Adding workflow tests with Planemo


Ensuring a Tutorial has a Workflow

  1. Find a tutorial that you’re interested in, that doesn’t currently have tests.

    This tutorial has a workflow (.ga) and a test, notice the -test.yml that has the same name as the workflow .ga file.

    machinelearning/workflows/machine_learning.ga
    machinelearning/workflows/machine_learning-test.yml
    

    You want to find tutorials without the -test.yml file. The workflow file might also be missing.

  2. Check if it has a workflow (if it does, skip to step 5.)
  3. Follow the tutorial
  4. Extract a workflow from the history
  5. Run that workflow in a new history to test

Extract Tests (Online Version)

If you are on UseGalaxy.org or another server running 24.2 or later, you can use PWDK, a version of planemo running online to generate the workflow tests.

However if you are on an older version of Galaxy, or a private Galaxy server, then you’ll need to do the following:

Extract Tests (Manual Version)

  1. Obtain the workflow invocation ID, and your API key (User → Preferences → Manage API Key)

    screenshot of the workflow invocation page. The user drop down shows where to find this page, and a red box circles a field named "Invocation ID"

  2. Install the latest version of planemo

    # In a virtualenv
    pip install planemo
    
  3. Run the command to initialise a workflow test from the workflows/ subdirectory - if it doesn’t exist, you might need to create it first.
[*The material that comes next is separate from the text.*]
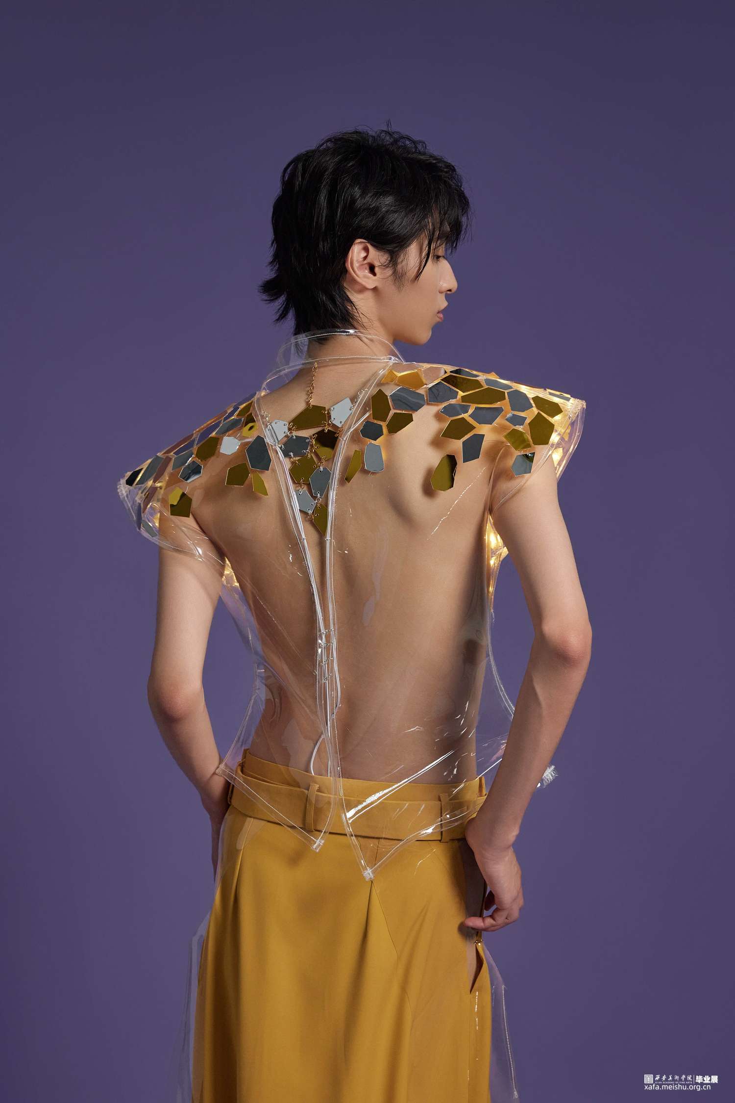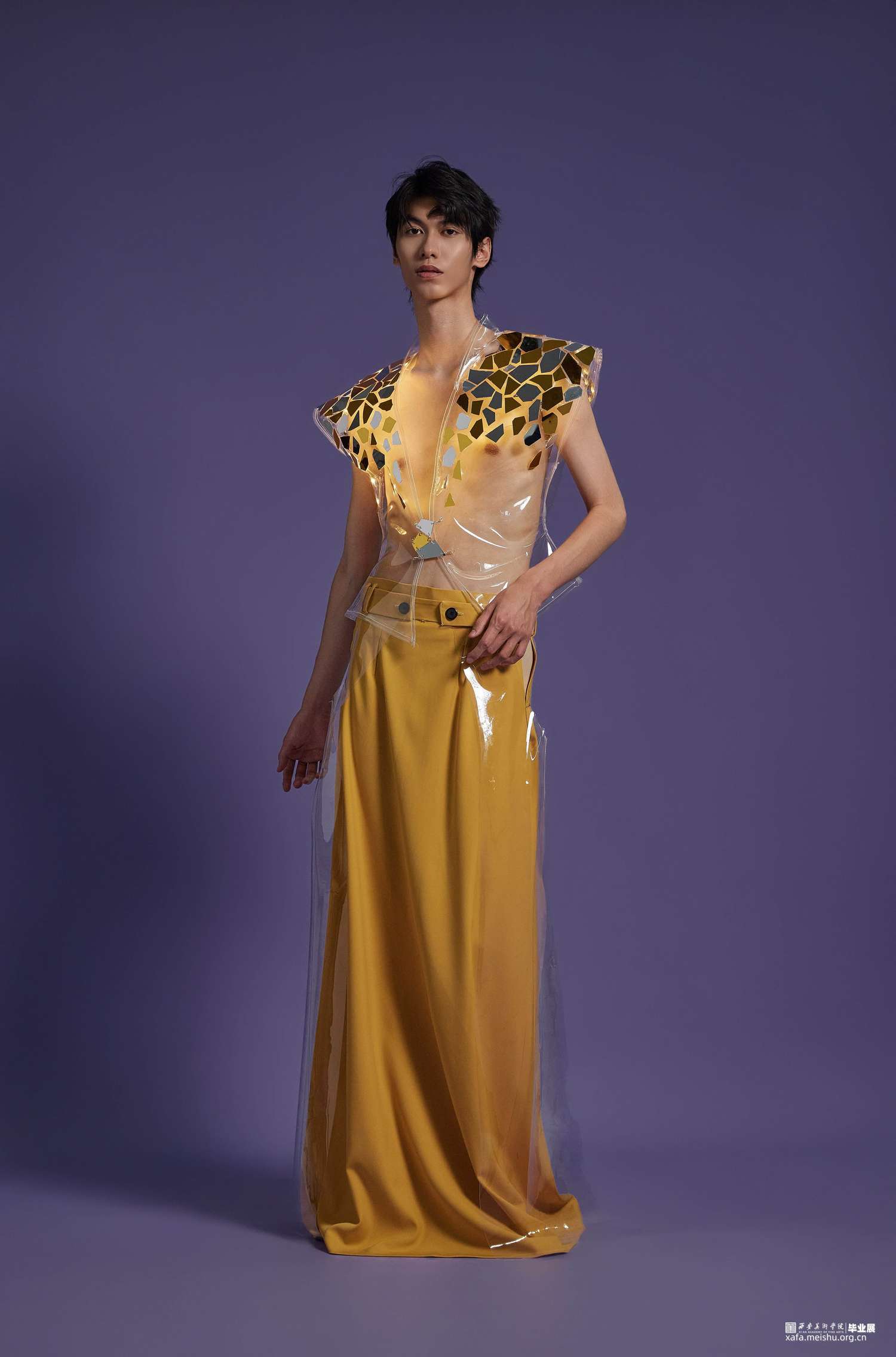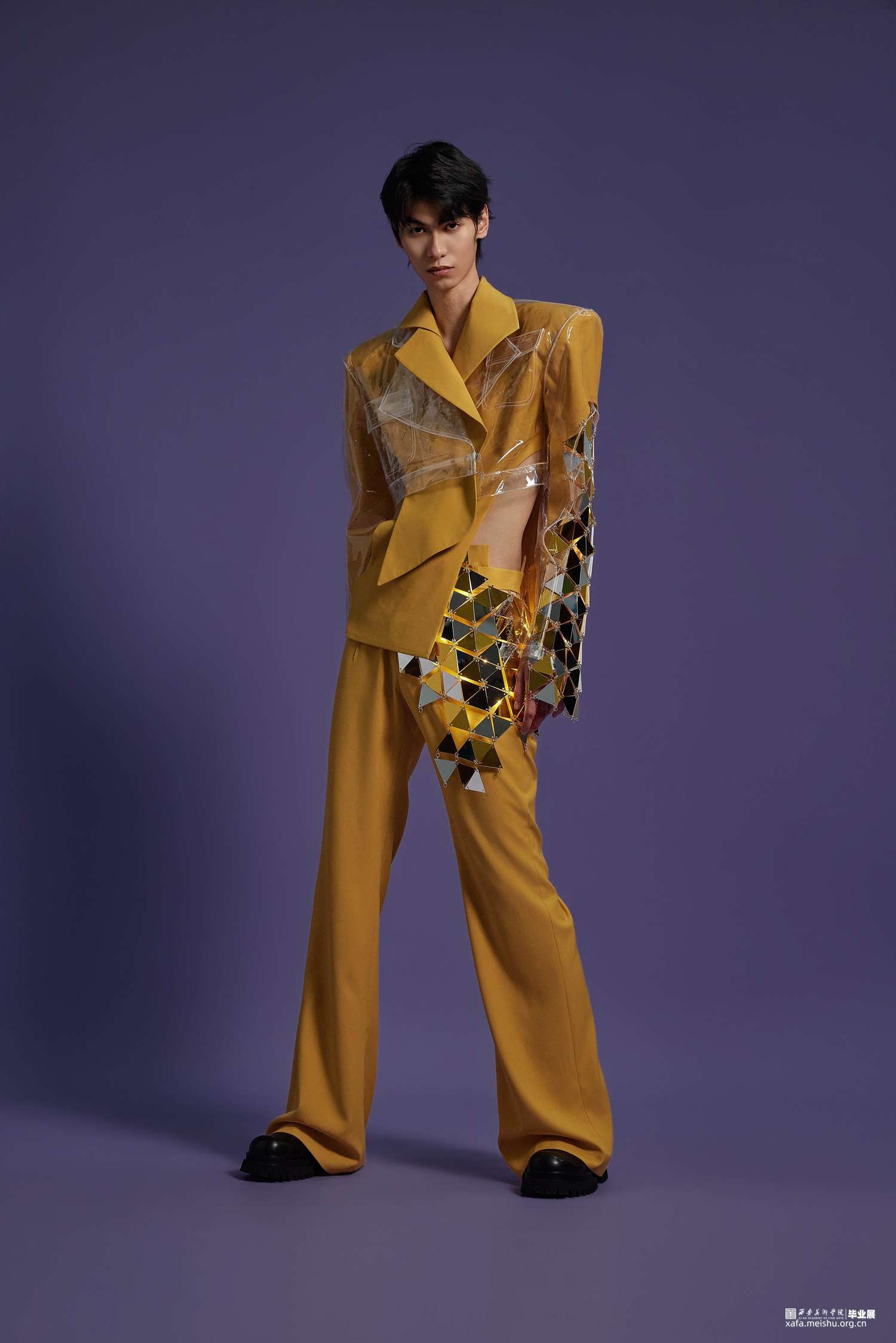 在本次设计中选用了传统的服装面料和PVC材料相结合,同时还使用了一些亚克力材质编织而成的面料并加入了灯光元素,更具科技感,PVC作为环保材料的一种,具有可回收的特点,也表达了环保可持续理念的设计理念。在色彩设计上,选择黄色作为主色调,黄色有着代表自然生态,代表田园光景的色彩语言内涵,同时也代表了可持续。自然界的万物也都要经历由绿转黄的阶段,当他们生命走到尽头时,还能够发挥其他作用,一些植物纤维,例如稻草棉麻等,甚至也可以作为面料使用。本次男装设计分为三件,有长款、短款、西装、大衣、裙子,整体廓形在原有的基础上进行了加宽加大处理,尤其是在肩部进行了夸张化设计,能够更加体现男性生理结构特点。整体运用解构主义的手法进行设计,在前后片,腰部、口袋等部位采用非对称式设计,同时运用曲线元素进行解构分割,使其更富有设计感。

    planemo workflow_test_init --from_invocation <INVOCATION ID> --galaxy_url <GALAXY SERVER URL> --galaxy_user_key <GALAXY API KEY>
    

    This will produce a folder of files, for example from a testing workflow:

    $ tree
    .
    ├── test-data
    │   ├── input dataset(s).shapefile.shp
    │   └── shapefile.shp
    ├── testing-openlayer.ga
    └── testing-openlayer-tests.yml
    

Adding Your Tests to the GTN

  1. You will need to check the -tests.yml file, it has some automatically generated comparisons. Namely it tests that output data matches the test-data exactly, however, you might want to replace that with assertions that check for e.g. correct file size, or specific text content you expect to see.

  2. If the files in test-data are already uploaded to Zenodo, to save disk space, you should delete them from the test-data dir and use their URL in the -tests.yml file, as in this example:

    - doc: Test the M. Tuberculosis Variant Analysis workflow
      job:
         'Read 1':
            location: https://zenodo.org/record/3960260/files/004-2_1.fastq.gz
            class: File
            filetype: fastqsanger.gz
    
  3. Add tests on the outputs! Check the planemo reference if you need more detail.

    - doc: Test the M. Tuberculosis Variant Analysis workflow
      job:
         # Simple explicit Inputs
         'Read 1':
            location: https://zenodo.org/record/3960260/files/004-2_1.fastq.gz
            class: File
            filetype: fastqsanger.gz
      outputs:
        jbrowse_html:
          asserts:
            has_text:
              text: "JBrowseDefaultMainPage"
        snippy_fasta:
          asserts:
            has_line:
              line: '>Wildtype Staphylococcus aureus strain WT.'
        snippy_tabular:
          asserts:
            has_n_columns:
              n: 2
    
  4. Contribute all of those files to the GTN in a PR, adding them to the workflows/ folder of your tutorial.